To lists of directories and candidate libraries stored in the current cache:
root@ubuntu:/# ldconfig -p
1112 libs found in cache `/etc/ld.so.cache'
libzvbi.so.0 (libc6,x86-64) => /lib/x86_64-linux-gnu/libzvbi.so.0
libzvbi-chains.so.0 (libc6,x86-64) => /lib/x86_64-linux-gnu/libzvbi-chains.so.0
libzstd.so.1 (libc6,x86-64) => /lib/x86_64-linux-gnu/libzstd.so.1
libzmq.so.5 (libc6,x86-64) => /lib/x86_64-linux-gnu/libzmq.so.5
libzip.so.4 (libc6,x86-64) => /lib/x86_64-linux-gnu/libzip.so.4
libzip.so (libc6,x86-64) => /lib/x86_64-linux-gnu/libzip.so
libz.so.1 (libc6,x86-64) => /lib/x86_64-linux-gnu/libz.so.1
libz.so (libc6,x86-64) => /lib/x86_64-linux-gnu/libz.so
And you can see the full cache, which I only showed a part of here.
note: When you install/upgrade a library or create your own you should run sudo ldconfig command to update your cache and create necessary symbolic links.
LD_LIBRARY_PATH
This is an environment variable that is possible to set directories in which the dynamic linker will look for a library sooner than anywhere else.
root@ubuntu:/# export LD_LIBRARY_PATH=/home/mahdi/lib/:/usr/lib/mahdi/ #to set this env variable
root@ubuntu:/# echo $LD_LIBRARY_PATH #to see the value of this env variable
/home/mahdi/lib:/usr/lib/mahdi/
dynamic linker
dynamic linker/loader: This is a program that is responsible to load required libraries for a program. ld-linux is the dynamic linker/loader in Linux systems. This program may have different names in different distributions, but in Ubuntu it is known as ld.so.

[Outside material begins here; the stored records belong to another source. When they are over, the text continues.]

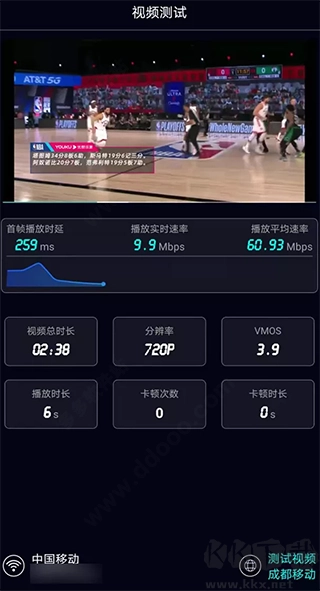 9、在视频测试功能里,可选择从优酷、搜狐、腾讯以及爱奇艺播放视频,并能测试出视频延迟卡顿的次数等。
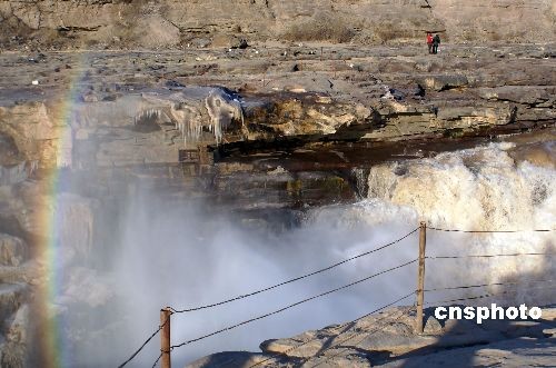 图:黄河壶口瀑布出现彩虹冰挂美景
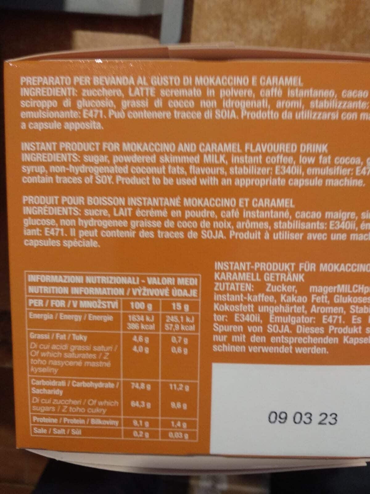 Složení: cukr, sušené odstředěné mléko, instantní káva, odstředěné kakao, glukózový sirup, nehydrogenovaný kokosový olej, aroma, stabilizátor: aE340ii, emulgátor: E471. Může obsahovat stopy sóji.
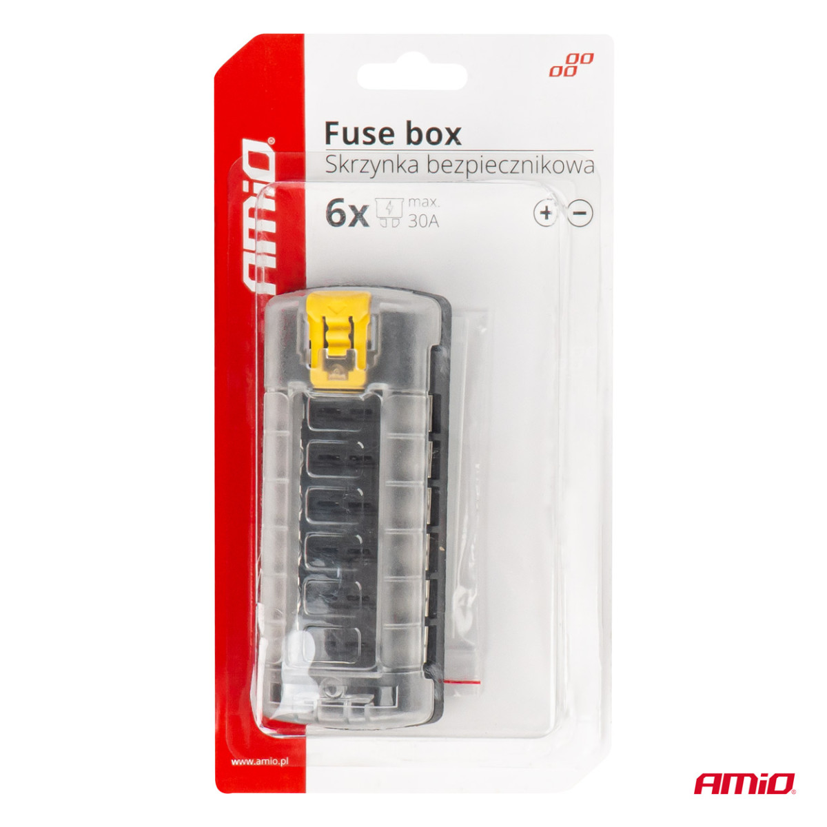 Saugiklių dėžutė, 6 lizdų su varžtiniais gnybtais AMIO-03836
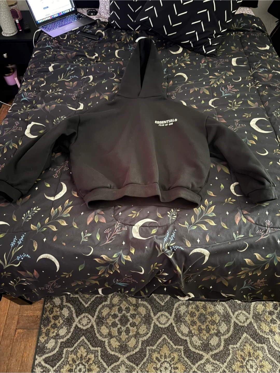 Black Fear of God Essentials hoodie. This comfortable hoodie features the brand's logo on the back and chest. It's made from soft material for everyday wear.

root@ubuntu:/# ld.so /usr/bin/ls -l
total 4194400
lrwxrwxrwx 1 root root 7 Apr 22 2024 bin -> usr/bin
drwxr-xr-x 2 root root 4096 Feb 26 2024 bin.usr-is-merged
drwxr-xr-x 3 root root 4096 Feb 2 21:37 boot
dr-xr-xr-x 2 root root 4096 Apr 24 2024 cdrom
drwxr-xr-x 19 root root 4440 Feb 24 11:03 dev
drwxr-xr-x 159 root root 12288 Feb 20 08:33 etc
drwxr-xr-x 7 root root 4096 Dec 16 21:54 home
lrwxrwxrwx 1 root root 7 Apr 22 2024 lib -> usr/lib
lrwxrwxrwx 1 root root 9 Apr 22 2024 lib64 -> usr/lib64
drwxr-xr-x 2 root root 4096 Apr 8 2024 lib.usr-is-merged
drwx------ 2 root root 16384 May 2 2024 lost+found
drwxr-xr-x 3 root root 4096 May 2 2024 media
drwxr-xr-x 5 root root 4096 Oct 10 12:58 mnt
drwxr-xr-x 2 root root 4096 Apr 24 2024 opt
dr-xr-xr-x 361 root root 0 Feb 24 11:02 proc
drwx------ 12 root root 4096 Feb 20 19:57 root
drwxr-xr-x 42 root root 1060 Feb 24 11:26 run
lrwxrwxrwx 1 root root 8 Apr 22 2024 sbin -> usr/sbin
drwxr-xr-x 2 root root 4096 Mar 31 2024 sbin.usr-is-merged
drwxr-xr-x 16 root root 4096 May 9 2024 snap
drwxr-xr-x 2 root root 4096 Apr 24 2024 srv
-rw------- 1 root root 4294967296 May 2 2024 swap.img
dr-xr-xr-x 13 root root 0 Feb 24 12:07 sys
drwxrwxrwt 21 root root 4096 Feb 24 12:00 tmp
drwxr-xr-x 14 root root 4096 May 2 2024 usr
drwxr-xr-x 15 root root 4096 Sep 6 22:01 var
In this example ld.so (dynamic linker) found and loaded required libraries for ls then ran the program.
So why we do run different programs without ld.so and they still work properly?
Because binary programs and Utilities are in Executable and Linkable Format (ELF) and when you run a ELF binary file, it loads the dynamic linker first.